Strong disagree here. Network effects are king here, and social media is a natural mono/oligopoly. Overcoming this requires the construction of a superior and more addictive product, and the incentives just aren't there for such platforms.
The smart move is to hit them with the hammer of regulation here. They can either be the small exclusive club with tight control over their members and their behavior, or the mass market app with minimal control over their userbase.
The alternative is to have the full cyberpunk future, where "I like <wrongthink>" means being cut off from everything. Banks, search, email. We're already seeing the slope, and it's pretty damn slippery.

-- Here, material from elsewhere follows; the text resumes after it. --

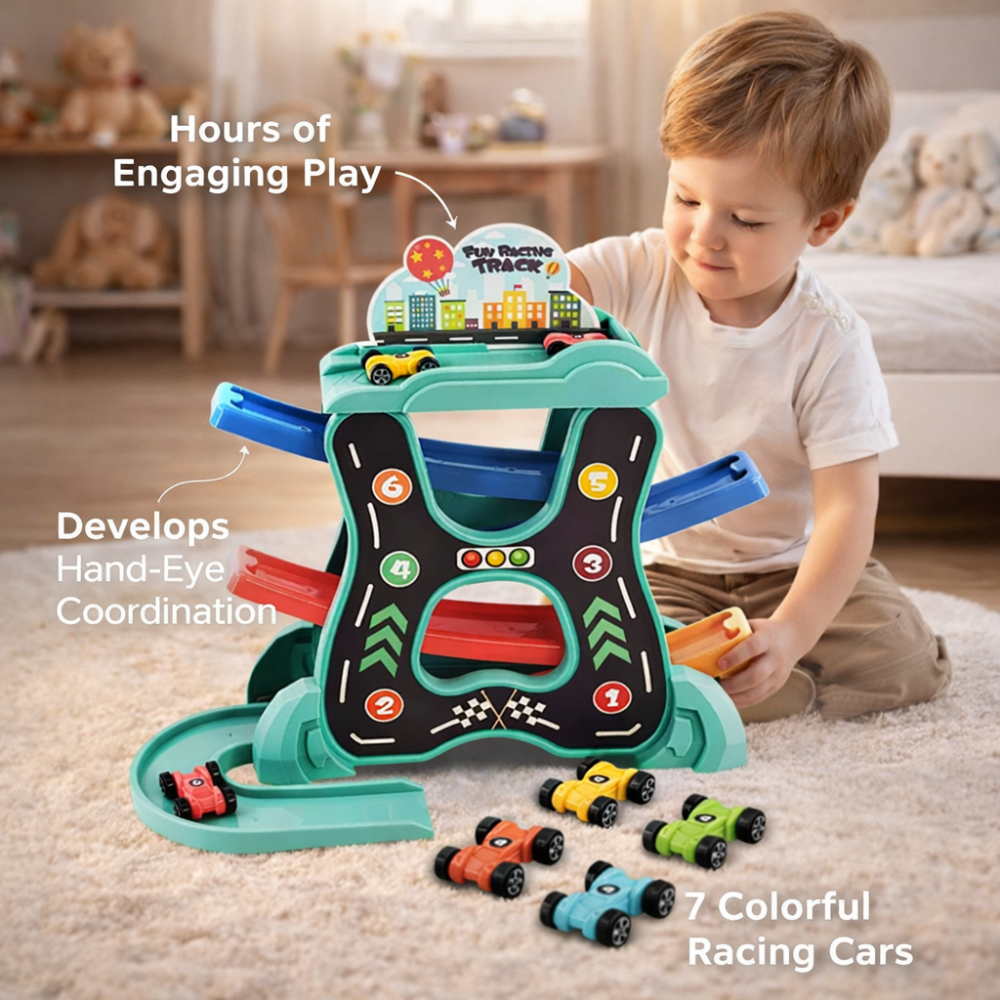 Aceasta pista de masini cu masinute este jucaria perfecta pentru cei mai mici pasionati de masini. Toboganele colorate si cele sapte masinute in culori diferite garanteaza ore intregi de joaca captivanta. Pista este conceputa pentru a dezvolta coordonarea mana-ochi a copiilor, pentru a stimula concentrarea si pentru a incuraja gandirea logica. Fiecare coborare a masinutelor ofera bucurie si emotie, iar culorile variate ale elementelor stimuleaza imaginatia si perceptia copilului. Datorita constructiei solide si designului atractiv, aceasta jucarie este ideala atat pentru joaca acasa, cat si pentru gradinite sau spatii de joaca.

> Overcoming this requires the construction of a superior and more addictive product, and the incentives just aren't there for such platforms.
Nope. You can have a smaller, simpler substitute if you have comparative advantage in some other niche.
DuckDuckGo is making a decent showing against Google, despite arriving on the scene almost 2 decades later. A handful of righty / unPC social media properties (Gab, Parler, whatever Lindell’s app is called this week, etc) are slowly eating into Facebook/Twitter market share because they promise less moderation.
Didn't said righty social media properties literally have to face existential threats like getting multiple hosting providers drop them?
Moreover, this is only something that's fine if you accept ceding control of the vast majority of communication to private control. I. E, we now get cyberpunk thoughtcrime dystopia.
> if you accept ceding control of the vast majority of communication to private control
When our lifetimes has it not always been this case? Newspapers, television, internet have always been this way (owned by an organization and provided with contractual limitations). Talking face to face in your own home is the only unabridged communication method, even in the USA. I have always found this issue strange that people demand that App Stores, cloud platforms, web hosting, etc must allow any content despite the companies’ freedom of association (and disassociation). We aren’t talking about companies which are covered by Common Carrier laws.
And “existential” doesn’t mean what you think it means. They are rebuilding on different platforms and other substitutes are coming online.
The smart move is to hit them with the hammer of regulation here. They can either be the small exclusive club with tight control over their members and their behavior, or the mass market app with minimal control over their userbase.
The alternative is to have the full cyberpunk future, where "I like <wrongthink>" means being cut off from everything. Banks, search, email. We're already seeing the slope, and it's pretty damn slippery.